Least Recently used Scheduling

LRU (Least Recently Used) is a cache replacement algorithm that removes the least recently accessed item when the cache reaches its maximum capacity. It tracks the order in which items are used, ensuring that the most recently accessed items remain in the cache while the least recently accessed are evicted.
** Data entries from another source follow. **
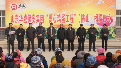 “愛心雞蛋”工程是華威集團董事長、總裁荀金慶與集團首席經濟顧問、著名經濟學家陳湛勻教授共同倡議發起的,是集團公司擔負社會責任,大做慈善事業的系列活動之一。此項工程的啟動,主要是公司員工從工資中主動捐贈來募集愛心基金,旨在使曲阜家鄉一年級兒童每天能吃上一個雞蛋,來呵護孩子健康成長、感受社會關愛、培養明天的希望。“愛心雞蛋”工程自2010年11月啟動以來,得到了公司廣大職工的積極響應,三年來共募集資金10萬余元,為曲阜南辛、吳村、王莊、石門山、防山5個鄉鎮,42所學校2000余名兒童發放雞蛋一萬余斤,彰顯了華威之愛。
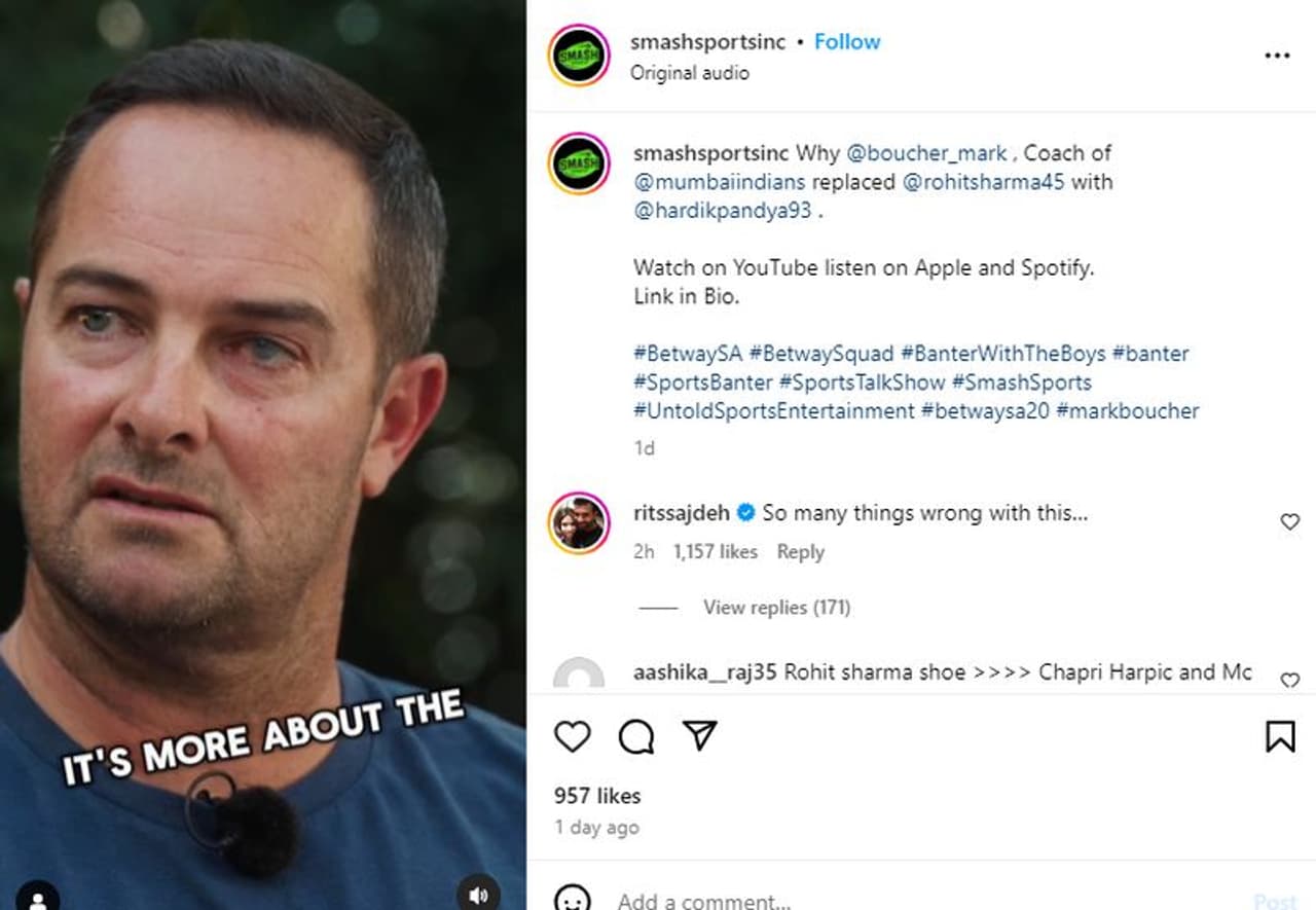 സ്മാഷ് സ്പോര്സ്ടിന് നല്കിയ അഭിമുഖത്തിലായിരുന്നു ബൗച്ചറുടെ പ്രതികരണം. ഇതിന്റെ വീഡിയോ സ്മാഷ് സ്പോര്ട്സ് ഇന്സ്റ്റഗ്രാമിലും പോസ്റ്റ് ചെയ്തിരുന്നു. ഇതിന് താഴെയാണ് റിതിക പ്രതികരണവുമായി എത്തിയത്. എന്തുകൊണ്ട് രോഹിത്തിനെ മാറ്റി ഹാര്ദ്ദിക്കിനെ ക്യാപ്റ്റാനാക്കി എന്ന കാര്യത്തില് ബൗച്ചര് നല്കിയ വിശദീകരണ വീഡിയോയുടെ താഴെ ഇതില് പറയുന്നത് പലതും തെറ്റാണെന്നാണ് റിതിക പ്രതികരിച്ചിരിക്കുന്നത്.
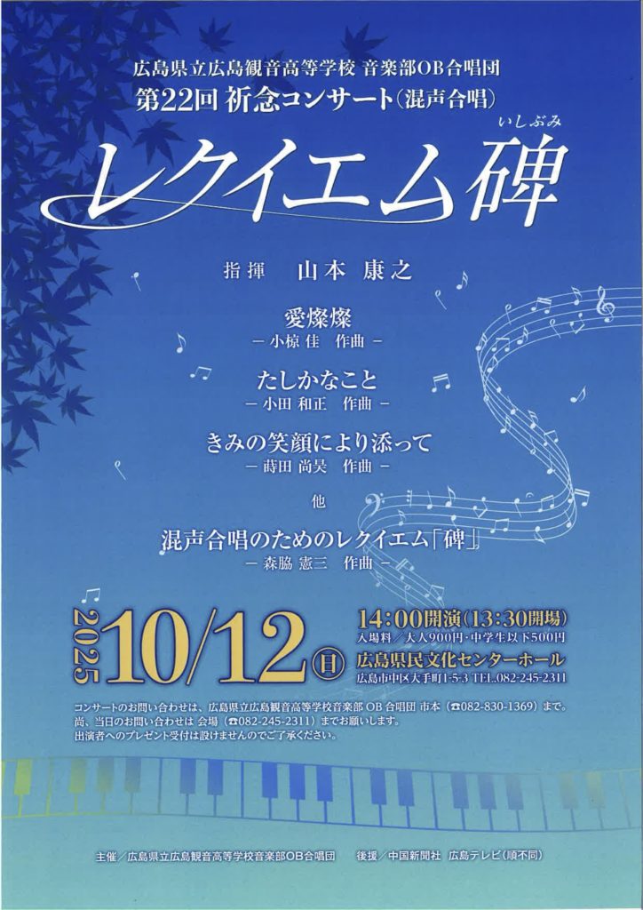 音楽部OB合唱団 祈念コンサート「レクイエム碑(いしぶみ)」のお知らせ お知らせ 2025.08.05 広島県立広島観音高等学校音楽部OB合唱団第21回祈念コンサート(混声合唱)「レクイエム碑」2025.10.12(日)14:00開演(13:30開場)入場料/大人900円・中学生以下500円広島県民文化センターホール広島市中区大手町1-5-3 TEL.082-245-2311
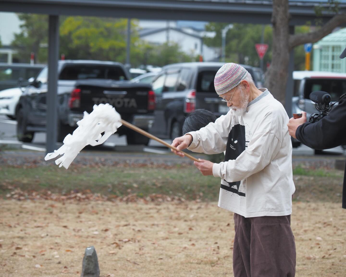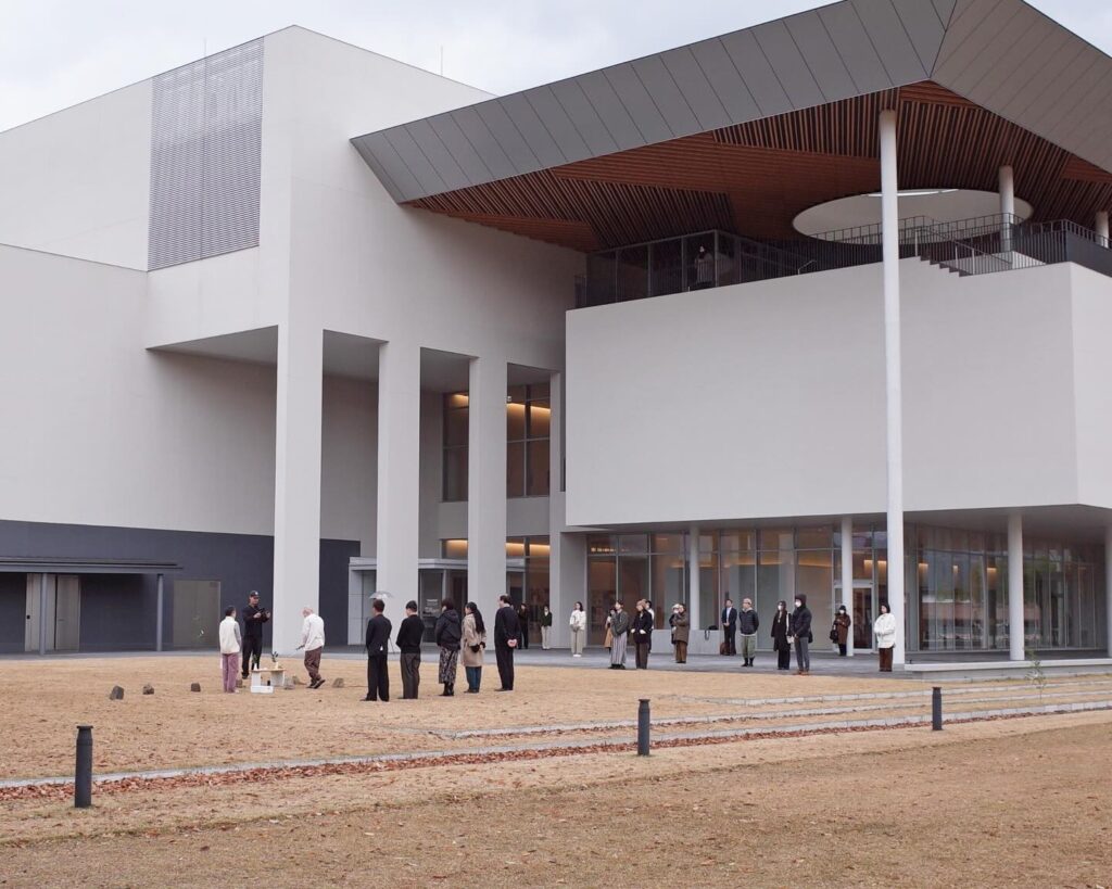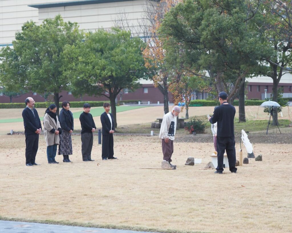 鳥取県立美術館西側に広がる屋外エリア「創作の森」にサウンド・アーティスト 鈴木昭男による彫刻作品《いざない 2025》をはじめ、3点のコミッションワークを設置される。2026年1月の着工を前に工事の無事を祈念して、鈴木昭男と宮北裕美によるパフォーマンス形式の地鎮祭を執り行った。
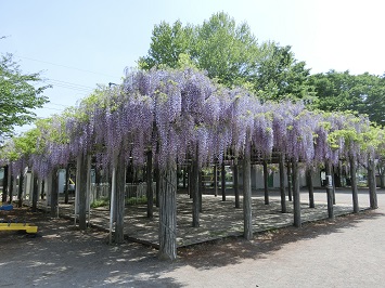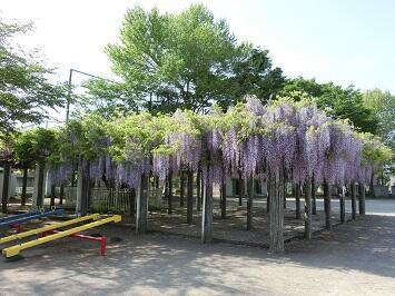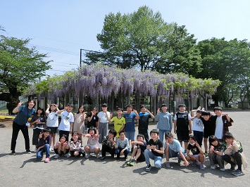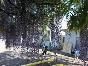 本校、そして本市の宝物である大藤が見ごろを迎えています。19日に確認したときよりも、さらに多くの花が咲き、房の長さも40㎝を超えるほど長くなっています。子供たちからは「お花のカーテンみたい!」といった声も聞こえていました。
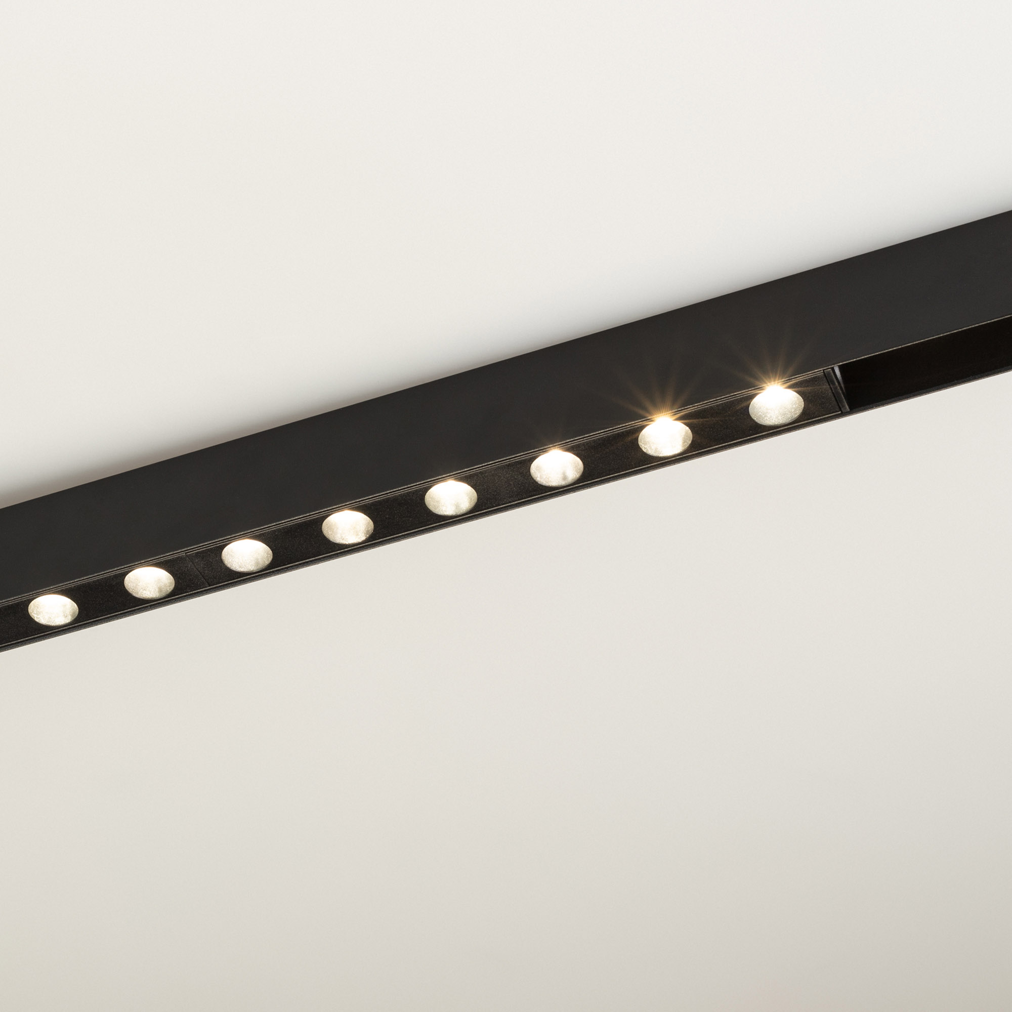 Линейный светодиодный светильник светильник MAG-DOTS-25-L400-12W Warm3000 (BK, 30 deg, 24V, DALI) мощностью 12 Вт для магнитных треков MAG-25 с управлением DALI. Светодиоды снабжены линзами, расположены в индивидуальных ячейках и обеспечивают узкий угол и тёплый белый цвет свечения (3000 К), световой поток 800 лм и высокий индекс цветопередачи CRI>90 гарантируют качественное освещение с точной передачей цветовых оттенков. Есть возможность управлять яркостью по протоколу DALI. У светильника безопасное напряжение 24 В и быстрая установка в шинопровод с помощью магнитов. Драйвер для подключения поставляется отдельно.

• Key Idea: When a new item is accessed or added to the cache, it is moved to the front, and when the cache is full, the item at the end (least recently used) is removed.

Where It Is Used

• Used in systems where limited memory is allocated for caching frequently accessed data (e.g., web browsers, CPU cache, database management).
• Operating systems implement it for paging to replace the least recently used memory pages.

Steps to Implement LRU

1. Check Cache Size: If the cache is full, remove the least recently used item.
2. Access or Add New Item: Move the accessed item to the front of the cache.
3. Update Order: Reorder the items so that the most recently used item is at the front and the least recently used is at the end.

Example

Consider a cache with a capacity of 3:

• Initial Cache: []
• Access 1: Cache becomes [1]
• Access 2: Cache becomes [2, 1]
• Access 3: Cache becomes [3, 2, 1]
• Access 1: Cache becomes [1, 3, 2] (1 is most recently used)
• Access 4: Cache becomes [4, 1, 3] (2 is evicted)

Time Complexity Analysis

Best Case Scenario:

In the best case, when accessing or adding an item that is already in the cache, the LRU algorithm only needs to reorder the items.

Example:

• Cache: [3, 2, 1]

• Accessing 3 (already in cache), simply move 3 to the front.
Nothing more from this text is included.